Hi Perry, thank you for your answer!
Yes I'm sorry about the indexing, as I didn't know how to end my model because I could not figure out how to format my data, I did not write the model code in a functionnal way, apologies!
I tried building up the model piece by piece until I had an issue, and I encountered my first issue when adding the j loop (what's commented here)
my_nimble_code <- nimbleCode({
# Priors
lambda_intercept ~ dnorm(0, sd = 1)
my_covariate_coef ~ dnorm(1, sd = 1)
# Compute lambda with my data
my_lambda_values[1:nb_covariate_measures] <- nimCompute_lambda(
lambda_intercept = lambda_intercept,
my_covariate_coef = my_covariate_coef,
my_covariate = my_covariate_values[1:nb_covariate_measures]
)
# The maximum lambda for oversampling events (with a margin)

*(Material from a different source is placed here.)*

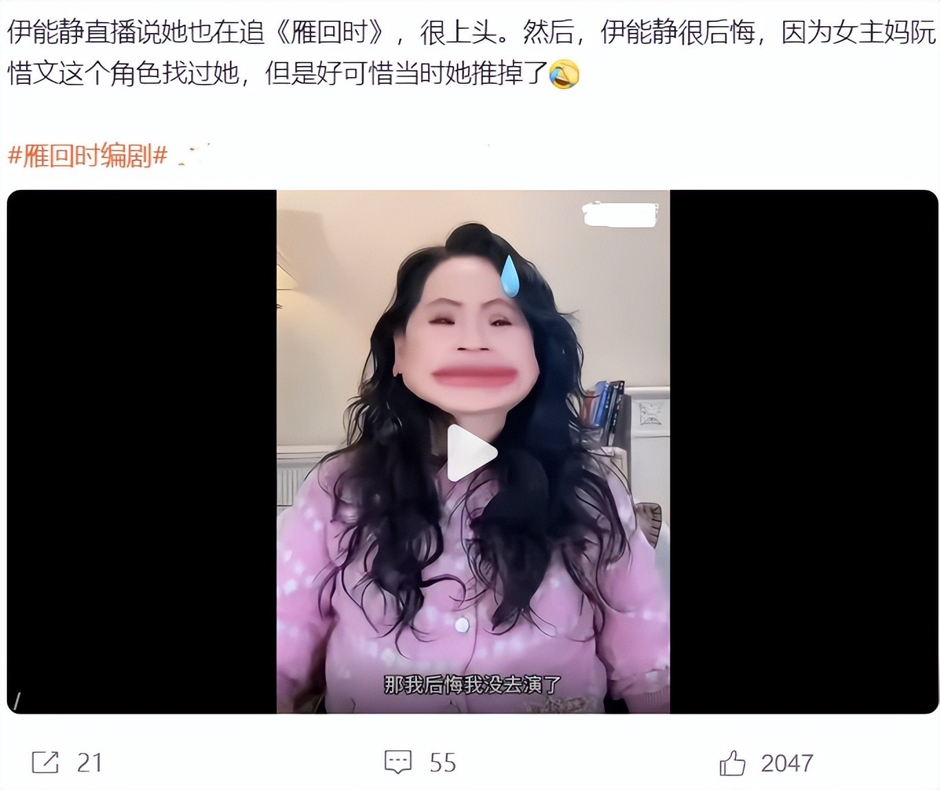 近日,伊能静直播与粉丝互动,表示自己也在追《雁回时》,认为这部剧非常好看,当时伊能静表示:如果庄寒雁的生母找自己演多好,当话音刚落,一旁的工作人员说:“找过你”。

oversampling_lambda <- max(my_lambda_values[1:nb_covariate_measures]) * 1.1
for (i in 1:nb_repet) {
# Homogeneous Poisson process with this oversampling_lambda
oversampling_nb_events[i] ~ dpois(lambda = oversampling_lambda)
# for (j in 1:oversampling_nb_events[i]) {
# oversampling_event_time[i, j] ~ dunif(min = min(my_time[1:nb_covariate_measures]),
# max = max(my_time[1:nb_covariate_measures]))
# }
}
})
my_nimble_model <- nimbleModel(
code = my_nimble_code,
constants = list(
nb_covariate_measures = nb_covariate_measures, # 13
nb_repet = nb_repet, # 10
my_time = my_time, # seq(0,24,by=2)
my_covariate_values = my_covariate_values # rnorm(nb_covariate_measures, mean = 0)
),
inits = list(
"lambda_intercept" = 0.1,
"my_covariate_coef" = 1
)
)
# Check results with init (without the j loop)

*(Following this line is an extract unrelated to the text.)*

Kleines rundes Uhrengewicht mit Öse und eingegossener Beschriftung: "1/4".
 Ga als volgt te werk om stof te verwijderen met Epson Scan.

my_nimble_model$calculate()
my_nimble_model$my_lambda_values # works, same as my_lambda_values calculated above
my_nimble_model$oversampling_lambda # works
my_nimble_model$oversampling_nb_events # only NAs
# Compile
c_my_nimble_model <- compileNimble(my_nimble_model)

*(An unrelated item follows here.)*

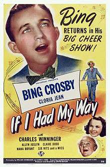 If I Had My Way is a 1940 musical comedy film directed by David Butler and starring Bing Crosby and Gloria Jean.[1] Based on a story by David Butler, the film is about a construction worker who takes charge of the daughter of a fellow worker killed in an accident. After bringing the girl to New York to find her uncle, who has spent his life savings on a failed restaurant, he tries to help the girl and her uncle make the restaurant a success.

c_my_nimble_model$calculate()When adding the j loop, it returns this error:
Could not evaluate loop syntax: is indexing information provided via 'constants'? . Is it not possible to use loop indexing outside of constants? That's not very practical in my case, I can't really see a workaround.
Regarding the data structure issue, I'm not sure that the matrix form would suit my need very well, as I don't know the dimensions of this matrix. And as you said, I have data with extent 0. Basically, to explain a bit my statistical model process in a non-code way, for a given repetition:
1. I want to simulate a number of events (oversampling_nb_events). I can have 0 event, and there is no known upper limit in the number of events
2. For each event (so I can't know the number of events in advance, can't put it in a constant, cause it depends step 1.):
2.1. I find the time of this event (oversampling_event_time)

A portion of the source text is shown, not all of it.